The migration of the wik.is cluster to Amazon EC2 (using RightScale) has vastly improved the architecture of wik.is. Here are some of the technical challenges we faced and how we addressed them using the RightScale/EC2 platform.
Here is a diagram of our overall infrastructure (full-size)
In order to support multiple Apache and Deki API servers, we decided to use HAProxy. HAProxy is a high performance software load balancer. We configured HAProxy to do round-robin load balancing with checks to ensure the backend apache servers are alive and well.
One problem we ran into with multiple frontends for Deki was that Deki uses PHP Sessions. We don't store much in PHP sessions but one common use case within Deki is an HTTP POST, store success or failure message in session, and send 302 redirect. This flow keeps the back button from breaking, but it is a problem when using multiple servers.
Our first (and probably the simplest) way to handle this was to pin sessions to servers. HAProxy supported this scenario by injecting a cookie into each request to the backend apache server. This configuration worked well but wasn't ideal since it doesn't provide the best distribution of requests across servers.

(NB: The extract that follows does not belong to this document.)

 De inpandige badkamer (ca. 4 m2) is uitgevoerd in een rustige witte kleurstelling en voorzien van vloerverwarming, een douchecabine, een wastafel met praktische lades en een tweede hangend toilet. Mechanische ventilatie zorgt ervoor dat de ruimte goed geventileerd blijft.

Two other options that we investigated but decided against were storing PHP sessions in a MySQL database or an NFS filesystem. Both would work but we didn't want the overhead of using MySQL or the reliability and speed concerns of using NFS.
The approach we settled on was using memcached to store session information. More details on memcached sessions below. Using memcached to store sessions allows us to use HAProxy without pinning sessions.

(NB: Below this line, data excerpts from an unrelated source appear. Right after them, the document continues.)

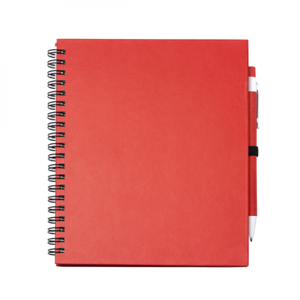 Спиральная тетрадь с обычными листами и держателем для ручки. Жесткие обложки и соответствующая переработанная картонная ручка. 70 листов.
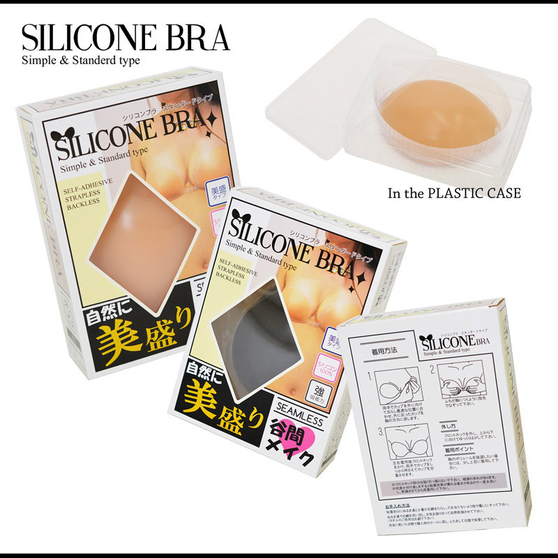 バストにピタッとフィットする安心の粘着感!フロントホックで簡単に着用できるブラックカラーのシリコン製ブラ。
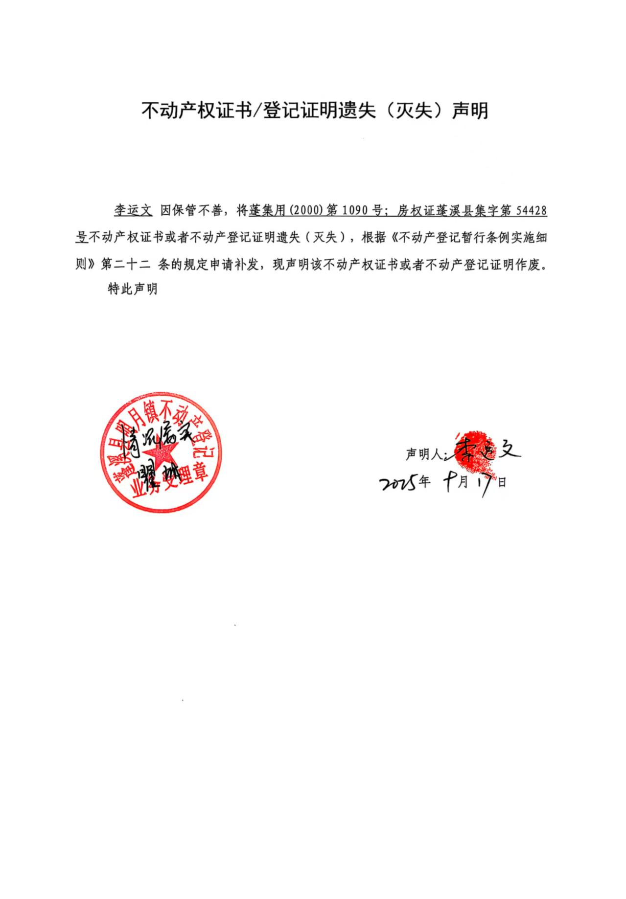 遗失补证公告(李运文)
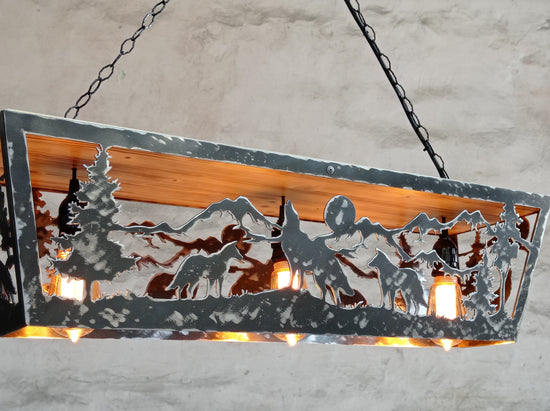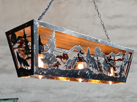 Constructed from durable 14-gauge (2mm) brushed hot-rolled sheet steel and burned wood, the Wolves Cabin light is a stunning addition to any lodge or log house. Steel and wood are both clear coated for maximum protection. The light comes with a ceiling mount and can be easily customized to fit any theme and size. Materials include steel and wood, while the dimenions can be adjusted with the accompanying chain, with a default maximum drop of 2 feet (60cm). For further customization, please leave a message. Fixture dimensions are 32 inches (81cm) in length, 9 inches (23cm) in width, and weighs 13 lbs (~6kg). Installation is a breeze, as the light can be wired for use in all countries and is equipped with e27/e26 bulb sockets. The ceiling canopy mount is also provided, and the light can be swag mounted or installed on sloped/vaulted ceilings. It can even be placed
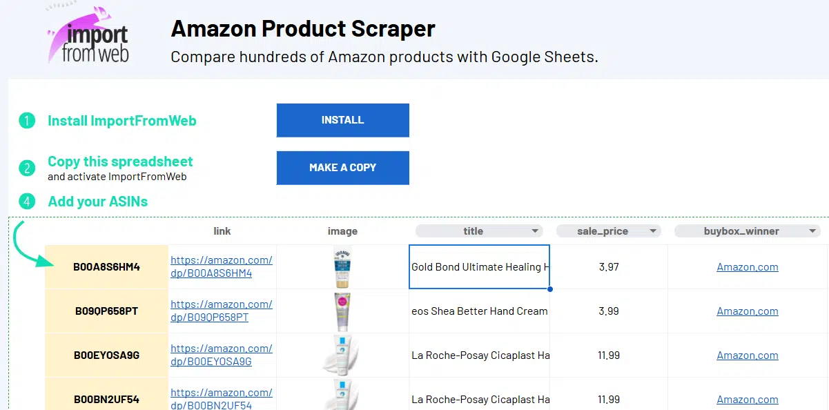 We’ve designed an easy-to-use template so you can try our Amazon Product Scraper. Make sure you have installed and activated ImportFromWeb in your Google Sheets.
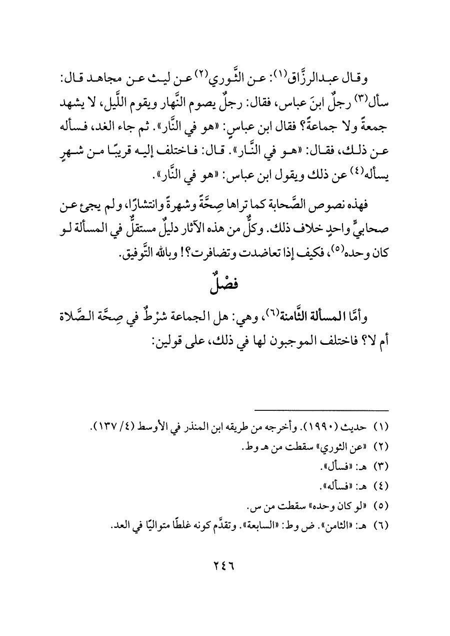 وقال عبدالرزَّاق (¬١): عن الثَّوري (¬٢) عن ليث عن مجاهد قال: سأل (¬٣) رجلٌ ابنَ عباس، فقال: رجلٌ يصوم النَّهار ويقوم اللَّيل، لا يشهد جمعةً ولا جماعةً؟ فقال ابن عباسٍ: «هو في النَّار». ثم جاء الغد، فسأله عن ذلك، فقال: «هو في النَّار». قال: فاختلف إليه قريبًا من شهرٍ يسأله (¬٤) عن ذلك ويقول ابن عباس: «هو في النَّار».
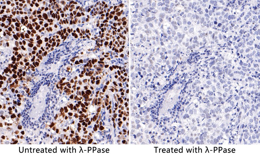 Immunohistochemical analysis of paraffin-embedded Human gastric adenocarcinoma tissue untreaed and treated with λ-PPase with Rabbit anti-Phospho-p53 (S392) antibody (HA750097) at 1/200 dilution.
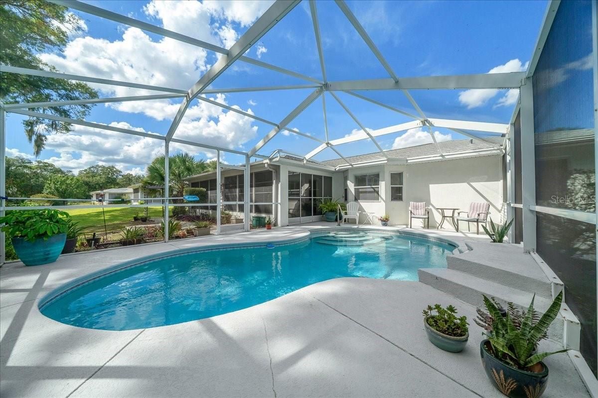 Dive into Florida living with this bright 3BR/2BA pool home! Surrounded by lush landscaping, the sparkling screened pool and oversized lanai are perfect for year-round fun with no rear neighbors. Inside, the split-bedroom plan features an owner’s suite with walk-in closet, private bath, and solar tubes for natural light. The kitchen with stainless steel appliances overlooks the pool and offers space for multiple cooks. Guests enjoy their own wing with two bedrooms and full bath. Inside laundry, abundant storage, roof (2019), AC (2017). On a quiet cul-de-sac street in a sought-after 55+ community. Live close to the Community Clubhouse with loads of amenities, plus shopping, dining & medical nearby. Privacy, convenience & poolside living all in one!
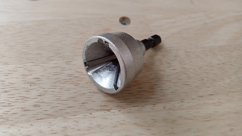 使い方は「ネジ穴にセットして板に押し付ける」だけです。マーキングしたところに穴あけします。
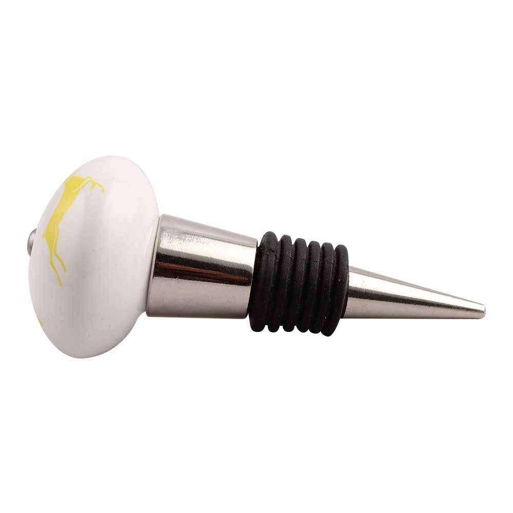 Yellow Runing Rein Deer Pattern Ceramic Wine Stopper.zinc alloy wine bottle stopper with attractive Jute Bag Packaging.
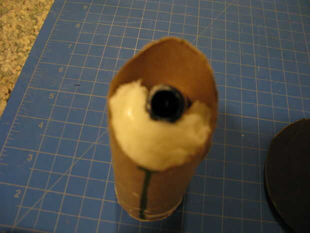 - Mezcle su Oogoo, epoxy o bondo. Con el extremo superior plana sobre una superficie firme, llena el tubo. Llenar pero no sobre relleno y los extremos protruir. Si está utilizando un lápiz para hacer el "túnel", después de la Oogoo establece un poco, dele vuelta alrededor para que no se pegue.
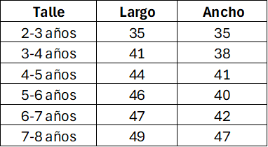 Tabla de medidas de referencia. Las medidas son aproximadas y pueden tener un margen de diferencia del 10% con la tabla. Las medidas están expresadas en centímetros.
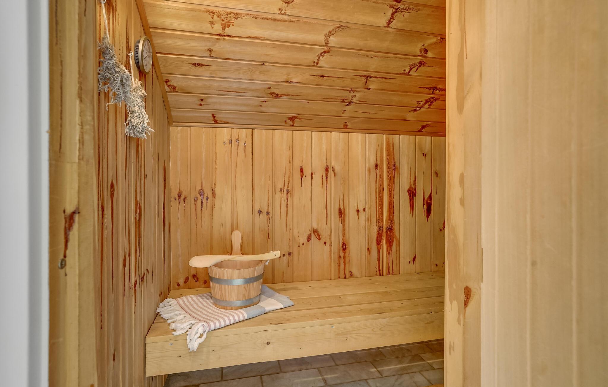Indvendigt er det hyggeligt indrettet med træbeklædte lofter og vægge. Her findes en god brændeovn til de kolde årstider. Badeværelset er indrettet med et spabad til to personer og giver adgang til en sauna. Endvidere findes her et gæstetoilet.
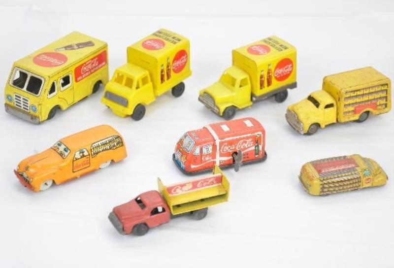 8 Small Tin Coca-Cola Trucks
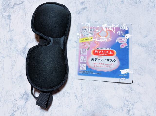 右のアイマスクは蒸気でホットアイマスクです。
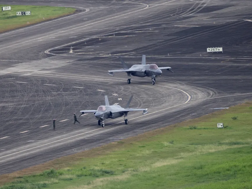 طائرتان مقاتلتان من طراز F-35 في قاعدة روزفلت رودز العسكرية في سيبا ببورتوريكو. 19 سبتمبر 2025 - Reuters

HAProxy sends requests to the backend apache servers on a regular basis to check their health. If the backend server is down it is removed from the cluster until it becomes available again. The "check url" is configurable and we decided to point it at: /@api/host/test. This is a nice url because it checks both apache and the deki API (since /@api is actually a proxy to http://localhost:8081). So we kill two birds with one stone here. If either apache or the dekiwiki mono process dies, haproxy does the same thing. The frequency of the health checks can also be specified. Since requesting /@api/host/test is a little more expensive than requesting a static file on the apache server, we changed the check interval to 10 seconds (instead of the default of 2 seconds). This means we're not bombarding the deki API with requests, but we may not detect a failure as quickly either.

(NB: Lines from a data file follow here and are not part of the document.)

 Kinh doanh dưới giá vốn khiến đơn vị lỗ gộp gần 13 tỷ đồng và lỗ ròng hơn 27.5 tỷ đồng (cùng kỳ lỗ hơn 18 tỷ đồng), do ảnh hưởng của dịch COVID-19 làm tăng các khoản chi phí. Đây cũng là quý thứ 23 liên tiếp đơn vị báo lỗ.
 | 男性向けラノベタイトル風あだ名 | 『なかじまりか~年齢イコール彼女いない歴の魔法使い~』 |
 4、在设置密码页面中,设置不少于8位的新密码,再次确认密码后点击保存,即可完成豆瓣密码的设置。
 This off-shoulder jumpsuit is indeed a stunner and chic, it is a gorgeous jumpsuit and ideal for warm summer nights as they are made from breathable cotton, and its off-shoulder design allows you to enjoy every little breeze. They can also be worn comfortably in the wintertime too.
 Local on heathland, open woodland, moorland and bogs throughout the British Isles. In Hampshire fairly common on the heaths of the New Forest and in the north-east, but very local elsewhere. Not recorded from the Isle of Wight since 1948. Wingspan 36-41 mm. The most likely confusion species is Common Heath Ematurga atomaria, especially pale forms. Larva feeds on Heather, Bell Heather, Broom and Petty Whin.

Here is a sample of our haproxy.cfg
global
log 127.0.0.1 local2 info
maxconn 4096
ulimit-n 8250
chroot /home/haproxy
user haproxy
group haproxy
daemon
quiet
pidfile /home/haproxy/haproxy.pid
defaults
log global
mode http
option httplog
option dontlognull
retries 3
redispatch
maxconn 2000
contimeout 5000
clitimeout 60000
srvtimeout 60000
# Configuration for one application:
# Example: listen myapp 0.0.0.0:80
listen www 0.0.0.0:80
mode http
balance roundrobin
option forwardfor
# Haproxy status page
stats uri /haproxy-status
stats auth username:password
# When internal servers support a status page
option httpchk GET /@api/host/test
server webA 10.250.1.1:8080 check inter 10000
When another apache backend is added to the cluster, we simple add another server line to the file and reload the haproxy configuration.
Two other things to notice in this conifguraiton:
The apache configuration is the same as a normal Deki apache config except that we listen on port 8080 and use a custom log (to log the X-Forwarded-For header)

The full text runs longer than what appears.